_YOUR TASK_.
Please set down only the lines below starting with the line with "Der Yuquan-Campus ist" and going on through the line with "Beyaz Liste: Göz", verbatim and without pictures.

Data items

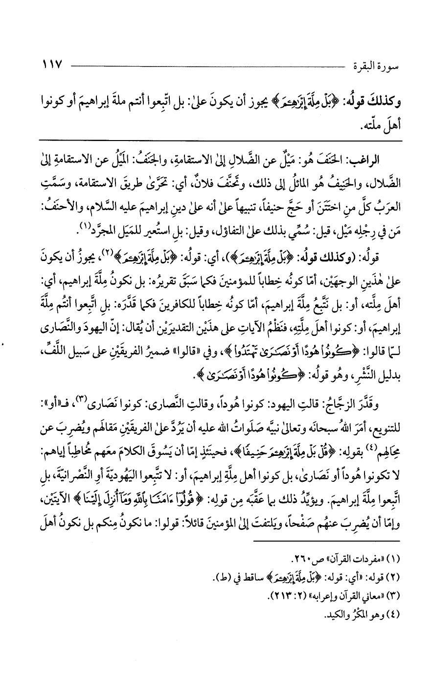 وقدر الزجاج: قالت اليهود: كونوا هوداً، وقالت النصارى: كونوا نصارى، فـ "أو": للتنويع، أمر الله سبحانه وتعالى نبيه صلوات الله عليه أن يرد على الفريقين مقالهم ويضرب عن محالهم بقوله: (قُلْ بَلْ مِلَّةَ إِبْرَاهِيمَ حَنِيفاً)، فحينئذ إما أن يسوق الكلام معهم مخاطباً إياهم: لا تكونوا هوداً أو نصارى، بل كونوا أهل ملة إبراهيم، أو: لا تتبعوا اليهودية والنصرانية، بل اتبعوا ملة إبراهيم. ويؤيد ذلك بما عقبه من قوله: (قُولُوا آمَنَّا بِاللَّهِ وَمَا أُنزِلَ إِلَيْنَا) الآيتين، وإما أن يضرب عنهم صفحاً، ويلتفت إلى المؤمنين قائلاً: قولوا: ما نكون منكم بل نكون أهل
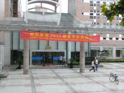 Der Yuquan-Campus ist eben wie gesagt mehr in der Innenstadt, dichter bebaut und älter. Das erste Bild ist das Eingangstor, auf dem zweiten ist ein Willkommensgruß für ausländische Studenten, die Statue unten ist eine Mao-Statue (von Mao Zedong, praktisch dem Gründer der KP Chinas).
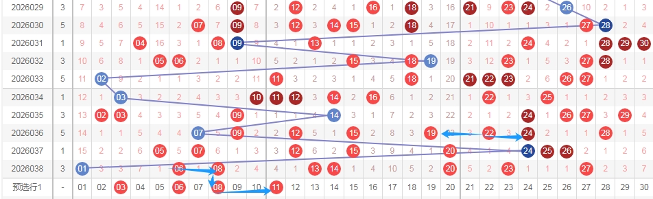 上图是福彩七乐彩开奖号码走势分布图,我标注出来的蓝色小箭头看看表示相似的地方,上面数字19 22 24其中数字22 24是跨度二组合,那么上期开出了跨度二组合0608本期可以考虑一下0306跨度三组合和0811跨度三组合,因为上面跨度二组合2224带了1922跨度三组合。
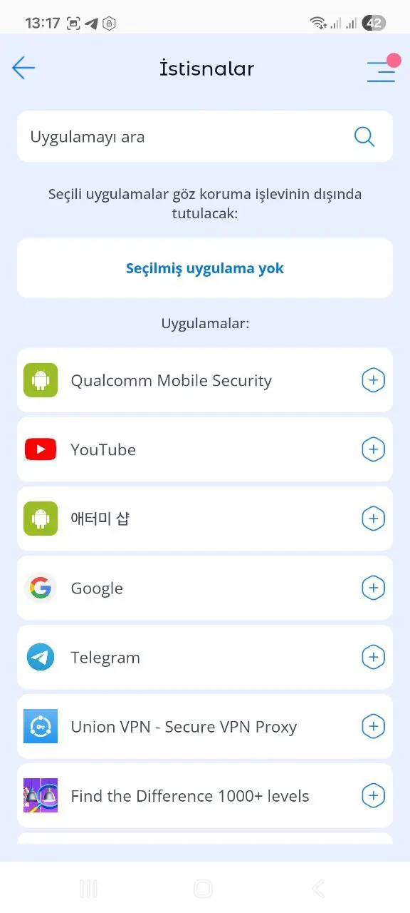 Beyaz Liste: Göz korumanın belirli uygulamaları engellemesini istemiyorsanız, bu uygulamaları beyaz listeye ekleyebilirsiniz; bu durumda bu uygulamalar açıldığında ekran kilitlenmez.
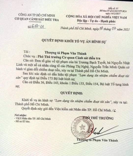Căn cứ vào Đơn tố giác về tội phạm của bà Trương Bạch Tuyết, bà Nguyễn Nhật Linh và một số cá nhân cùng tố cáo Phùng Thị Nghệ, Nguyễn Trần Minh Quân có hành vi gian dối chiếm đoạt tiền, xảy ra tại TP HCM. Sau khi xác định có dấu hiệu tội phạm “Lạm dụng tín nhiệm chiếm đoạt tài sản” quy định tại Điều 175 Bộ luật Hình sự; Căn cứ Điều 36, Điều 143, khoản 1 Điều 154 Bộ Luật Tố tụng hình sự, cơ quan Công an TP HCM đã ban hành quyết định khởi tố vụ án.

_RESPONSE FOR THIS EXERCISE_.
 Der Yuquan-Campus ist eben wie gesagt mehr in der Innenstadt, dichter bebaut und älter. Das erste Bild ist das Eingangstor, auf dem zweiten ist ein Willkommensgruß für ausländische Studenten, die Statue unten ist eine Mao-Statue (von Mao Zedong, praktisch dem Gründer der KP Chinas).
 上图是福彩七乐彩开奖号码走势分布图,我标注出来的蓝色小箭头看看表示相似的地方,上面数字19 22 24其中数字22 24是跨度二组合,那么上期开出了跨度二组合0608本期可以考虑一下0306跨度三组合和0811跨度三组合,因为上面跨度二组合2224带了1922跨度三组合。
 Beyaz Liste: Göz korumanın belirli uygulamaları engellemesini istemiyorsanız, bu uygulamaları beyaz listeye ekleyebilirsiniz; bu durumda bu uygulamalar açıldığında ekran kilitlenmez.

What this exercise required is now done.